India: When Water Becomes a Luxury

This article is written by a student writer from the Her Campus at Brenau chapter.

After the striking picture of Amal Hussein in the cover of the New York Times and her unfortunate death, the world protested in harmony to bring light upon Yemen’s famine. In this context of national awareness, it felt right to bend another deadly issue in South-Asia and to interview an expert on the matter. Being a French historian, writer, and geographer, René-Eric Dagorn accepted to explain how the water situation in India got so dramatic despite being one of the ten biggest countries in water resources.

 

-Nowadays, how would you judge the water’s quality in India?

 

Dagorn: « India is suffering from the worst water crisis in its history and millions of lives and livelihoods are under threat ». Here is the first sentence coming out of the NITI Aajog report (National Institution for Transforming India) published in June 2018. 600 millions of people currently live in places where water tends to disappear and 200 000 inhabitants die each year because of a lack of water quality.

Generally speaking, India is crushed by the contrast between the gross availability of freshwater and the tensed situations regarding drinkable water.

 

– In your opinion, what brought the situation to get as bad as it is?

 

Dagorn: The Ganges is a good example of how multiple uncoordinated actors resulted in contradictory and dangerous water spaces. Indeed, Ganges’ maps show how water’s quality keeps deteriorating itself: emissions of Garhmukteshwar’s paper pulp factories, tanneries in Kanpur, wastewaters in Patna…53% of waters going into the Ganges and its tributaries are rejected in without treatment.  

 

-How could the situation affect the environment or society on the long-term?

 

Dagorn: Drinkable water access’ difficulties create more and more violent social tensions.
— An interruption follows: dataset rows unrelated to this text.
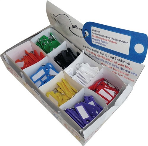 aus Weichplastik, mit S-Haken · mit großem Aufhängeloch · mit Beschriftungsstreifen und Klarsichtabdeckung · farbig sortiert · 200 Stück im Schaukasten
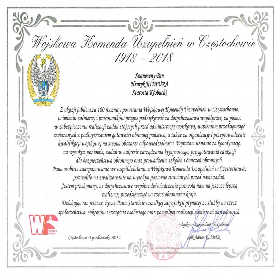 Jubileusz Wojskowej Komendy Uzupełnień w Częstochowie
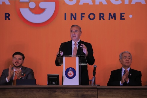 Héctor García dió lectura a su primer informe ante el Gobernador de Nuevo León, Samuel García, su esposa Mariana Rodríguez, el Secretario de Gobierno, Miguel Ángel Flores, el Fiscal de Nuevo León Javier Flores y otras autoridades que lo acompañaron durante este evento.
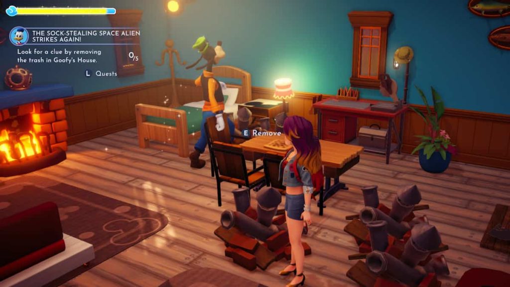 Once you destroy the trash, you’ll find Blue Fur that belongs to an animal. Interact with Goofy about the Blue Fur. You must take the Blue Fur and visit Donald Duck to complete the Sock Stealing Space Alien Strikes Again quest. After this, you need to wait for five days for the third and final sock to appear.
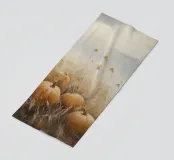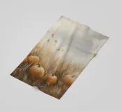 Zucche vivaci sparse in un campo erboso sotto un cielo nuvoloso, con alti fiori bianchi sullo sfondo. Cattura l'essenza dell'autunno.
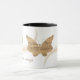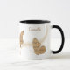 Des images de papillons silhouettes sont remplies de feuilles de musique vintages sur cette jolie tasse. En bas, le texte est marron doré : "La musique a des ailes", et votre nom personnalisé est de l'autre côté. Tout est placé sur un arrière - plan blanc, avec une étoile dorée subtile tourbillonnant parmi les images de papillon. Parfait pour le musicien, le professeur de musique ou toute personne qui aime la musique !

In September 2016, an Indian Supreme Court’s decision caused riots in Karnataka (Bangalore): the State’s inhabitants refused to share the available drinkable water with the Tamil Nadu foreign State, even if it was to raise the Cauvery river’s flow crossing both States. NITI June 2018’s report suggests these conflicts could increase even more in the future.

 

-Which initiatives could be undertaken?

 

Dagorn: This is not the freshwater’s quantity that matters, but the societies’ accessibility to drinkable water. However, water results from a specific process: it is produced in technical (technosphere) and social spheres (environmental norms’ creation). Irrigated agriculture, green revolution, flood barriers’ constructions, urban and industrial rejections – all these sectors lack coordination and organization. The local awareness of action scales’ coordination is too limited, but this is a phenomenon we can see in the US as well with the Colorado pond: urban and agricultural actors fight instead of cooperating, and no efficient intervention and action scale had been found yet.

 

According to the UNICEF, 564 millions of Indians need to defecate outside due to a lack of access to restrooms and this is one more element showing the concern around the issue: water is not only about drinking, but also about hygiene and development. Thus, some national actions still need to be taken on the issue.

 

Sources:

Unicef.org, India

Independ.co.uk, Mattha Busby, June 2018,

Eastasiaforum.com, Bharat Punjabi, September 2018, “The paradox of India’s water problems”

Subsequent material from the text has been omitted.